The following is an excerpt from the diary of the sixth Lubavitcher Rebbe, which he wrote after a pleasant visit to a park in the hamlet of Serebrinka. A park that evoked detailed memories of the walks and talks the Rebbe had with his father.
"For an hour and a half I luxuriated in strolling through and sitting in the park, gazing at the sky and drowning in memories, until I heard the voice of my three year old daughter Chanah calling to me: "Father, father, where are you...? Father, father, answer me..." repeating her call twice and three times.
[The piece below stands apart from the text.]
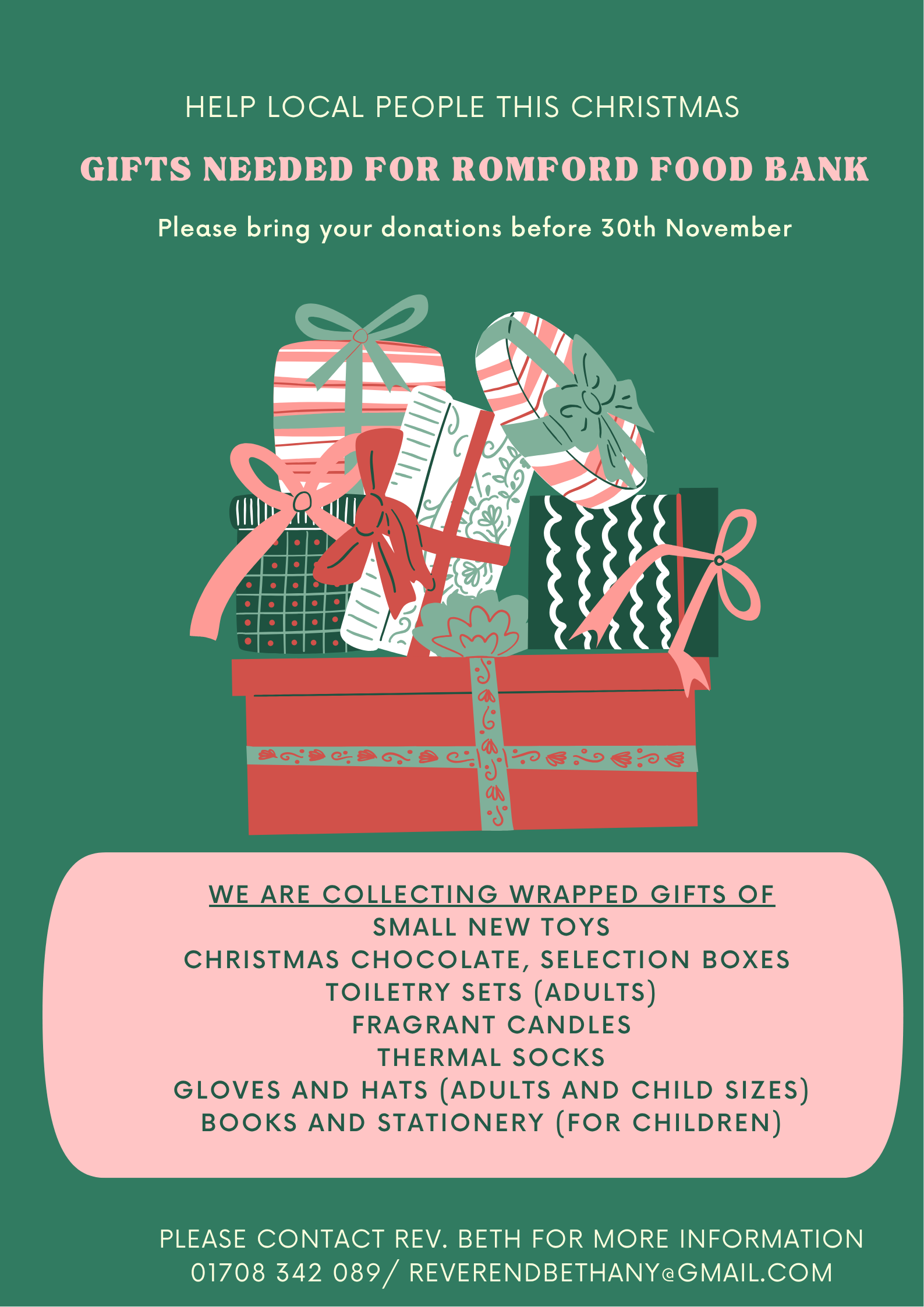 - Foodbank Gifts – We are once again collecting wrapped gifts for the Romford Foodbank, please see this flyer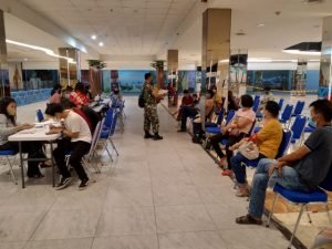 Medan Benteng | Babinsa Kelurahan Tanjung Rejo Koramil 0201-06/MS, Serma Bambang dan Sertu Rokim melaksanakan pendampingan serbuan vaksin bertempat di Mall Manhattan

The call interjected most aptly into my thoughts: at that very moment I had been thinking about my father's discourse of the past Shabbat Naso, entitled, "G-d Descended Upon Mt. Sinai". In it, father cites a metaphor to explain the difference between the Divine effluence which comes in response to one's Torah study and observance of mitzvot and G-d's response to one's "service of the heart", one's prayer. The service of Torah and mitzvot draws a Divine response comparable to a father's pleasure in a son who toils in his father's business to increase his father's wealth. But the response evoked by prayer is like a father's response to his small child who yearns for him and cries, "Father, father, answer me..."
Hearing my own daughter's cries, I sensed in my own self how a child's call of "father, father" causes a pleasing of the spirit and awakens an inner delight that is incomparably greater than the pleasure accorded by the older son's most impressive accomplishments.
The calling continued: "Father, father, where are you? Father, father answer me, hug me." I followed her voice and she hugged me and told me that grandfather, grandmother and mother were all waiting for me for the evening meal."